在 Java 中将非 ASCII 文件名添加到 zip

声明:本页面是StackOverFlow热门问题的中英对照翻译,遵循CC BY-SA 4.0协议,如果您需要使用它,必须同样遵循CC BY-SA许可,注明原文地址和作者信息,同时你必须将它归于原作者(不是我):StackOverFlow 原文地址: http://stackoverflow.com/questions/106367/
Warning: these are provided under cc-by-sa 4.0 license. You are free to use/share it, But you must attribute it to the original authors (not me): StackOverFlow

提示:将鼠标放在中文语句上可以显示对应的英文。显示中英文
时间:2020-08-11 08:22:22  来源:igfitidea点击:

Add non-ASCII file names to zip in Java

javaencodingzip

提问by Micke

What is the best way to add non-ASCIIfile names to a zip fileusing Java, in such a way that the files can be properly read in both Windowsand Linux?

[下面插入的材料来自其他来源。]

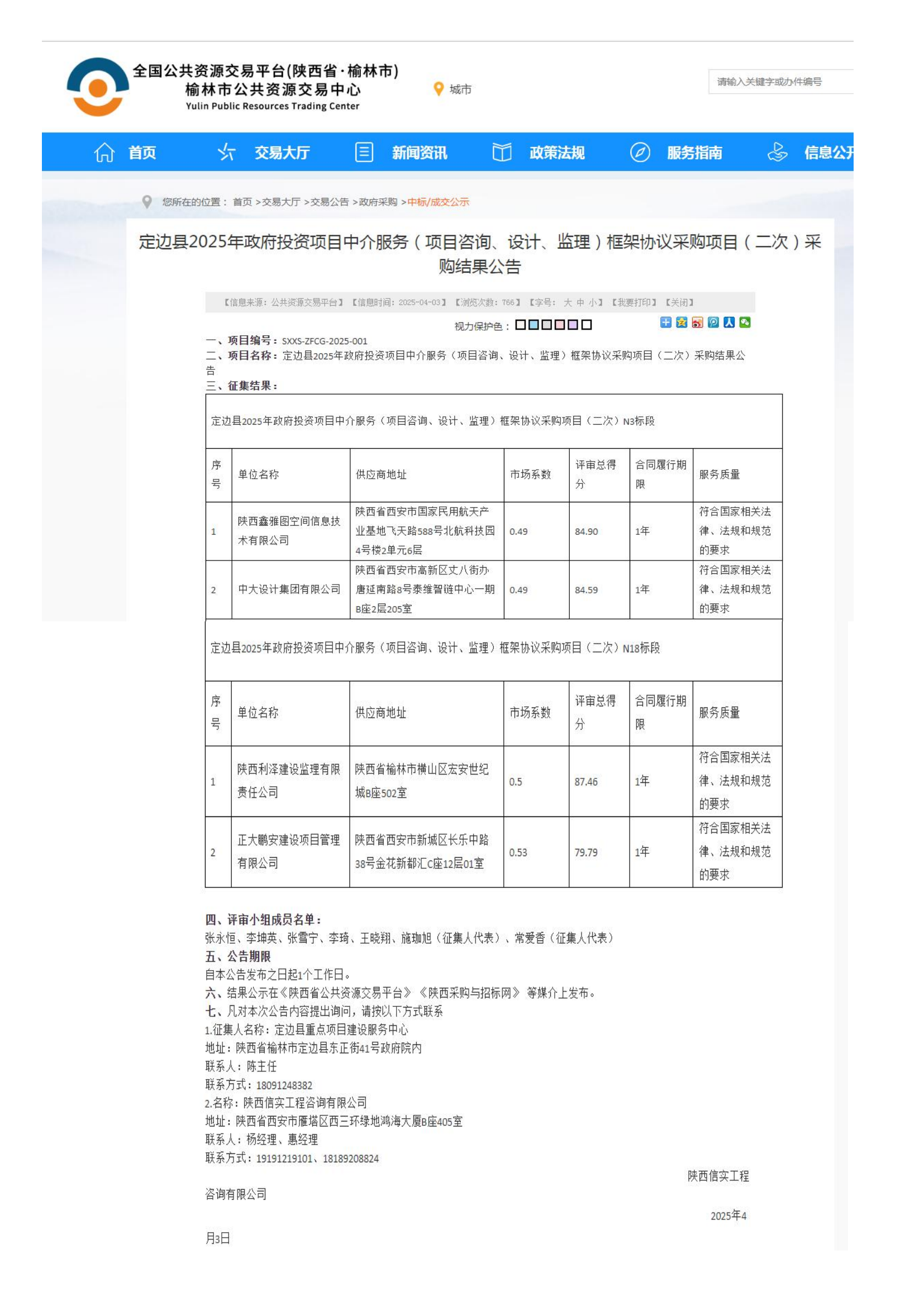 2025年4月3日,經評標委員會綜合評審,招標人確認,正大鵬安中標定邊縣2025年政府投資項目中介服務(項目咨詢、設計、監(jiān)理)框架協(xié)議采購項目(二次)N18標段。
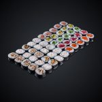 Лосось, авокадо, сыр “Cremette”, сыр “Моцарелла”, соус “Спайси”, соус “Унаги”, кунжут, нори, рис.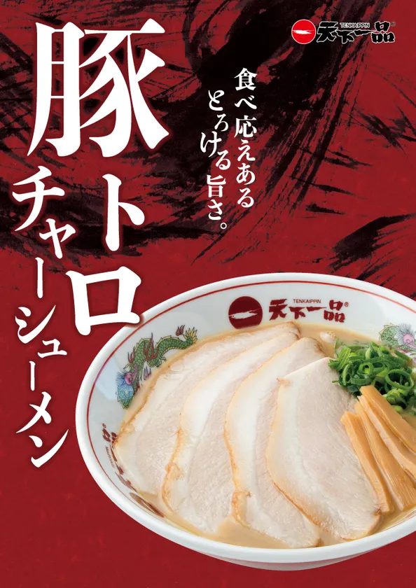 京都北白川発祥、鶏がらや野菜なども用いたこってりスープが人気の中華そば専門チェーン店「天下一品」(本社:滋賀県大津市、グループ累計215店舗を展開中※)は、2023年11月13日(月)より希少部位である豚トロを使った「豚トロチャーシューメン」を全国の天下一品店舗にて販売いたします。※2023年10月30日(月)時点での店舗数です。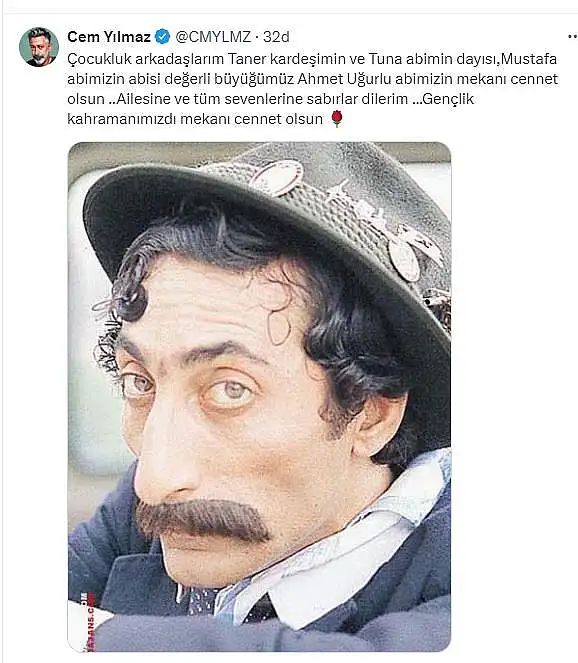 "Çocukluk arkadaşlarım Taner kardeşimin ve Tuna abimin dayısı, Mustafa abimizin abisi değerli büyüğümüz Ahmet Uğurlu abimizin mekanı cennet olsun. Ailesine ve tüm sevenlerine sabırlar dilerim. Gençlik kahramanımızdı mekanı cennet olsun"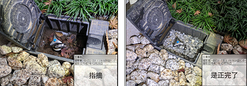 全体的に施工品質は高く、大きな指摘は無かった。下記写真のように、散水栓内は土のままであったため、協議の結果、びり砂利による仕上げとなった。その他、細かな指摘はあったがその場で対応が完了した。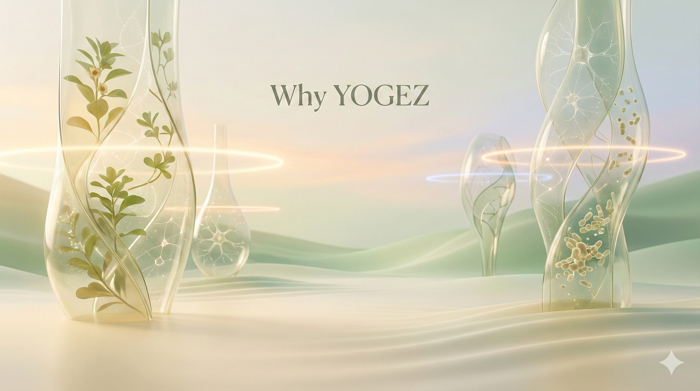 YOGEZ is not a product brand. It’s a Soul-Science™ system with Bio-Aligned Rituals to realign, restore, and radiate; balancing your gut–skin–brain–soma axis so you can come back to your rhythm.

使用Java非 ASCII文件名添加到zip 文件的最佳方法是什么,以便可以在WindowsLinux 中正确读取文件

Here is one attempt, adapted from https://truezip.dev.java.net/tutorial-6.html#Example, which works in Windows Vista but fails in Ubuntu Hardy. In Hardy the file name is shown as abc-ЖДФ.txt in file-roller.

这是改编自https://truezip.dev.java.net/tutorial-6.html#Example 的一种尝试,它适用于 Windows Vista,但在 Ubuntu Hardy 中失败。在 Hardy 中,文件名在文件滚轮中显示为 abc-ЖДФ.txt。

import java.io.IOException;
import java.io.PrintStream;

import de.schlichtherle.io.File;
import de.schlichtherle.io.FileOutputStream;

public class Main {

    public static void main(final String[] args) throws IOException {

        try {
            PrintStream ps = new PrintStream(new FileOutputStream(
                    "outer.zip/abc-???.txt"));
            try {
                ps.println("The characters ??? works here though.");
            } finally {
                ps.close();
            }
        } finally {
            File.umount();
        }
    }
}

Unlike java.util.zip, truezip allows specifying zip file encoding. Here's another sample, this time explicitly specifiying the encoding. Neither IBM437, UTF-8 nor ISO-8859-1 works in Linux. IBM437 works in Windows.

与 java.util.zip 不同,truezip 允许指定 zip 文件编码。这是另一个示例,这次明确指定了编码。IBM437、UTF-8 和 ISO-8859-1 都不适用于 Linux。IBM437 适用于 Windows。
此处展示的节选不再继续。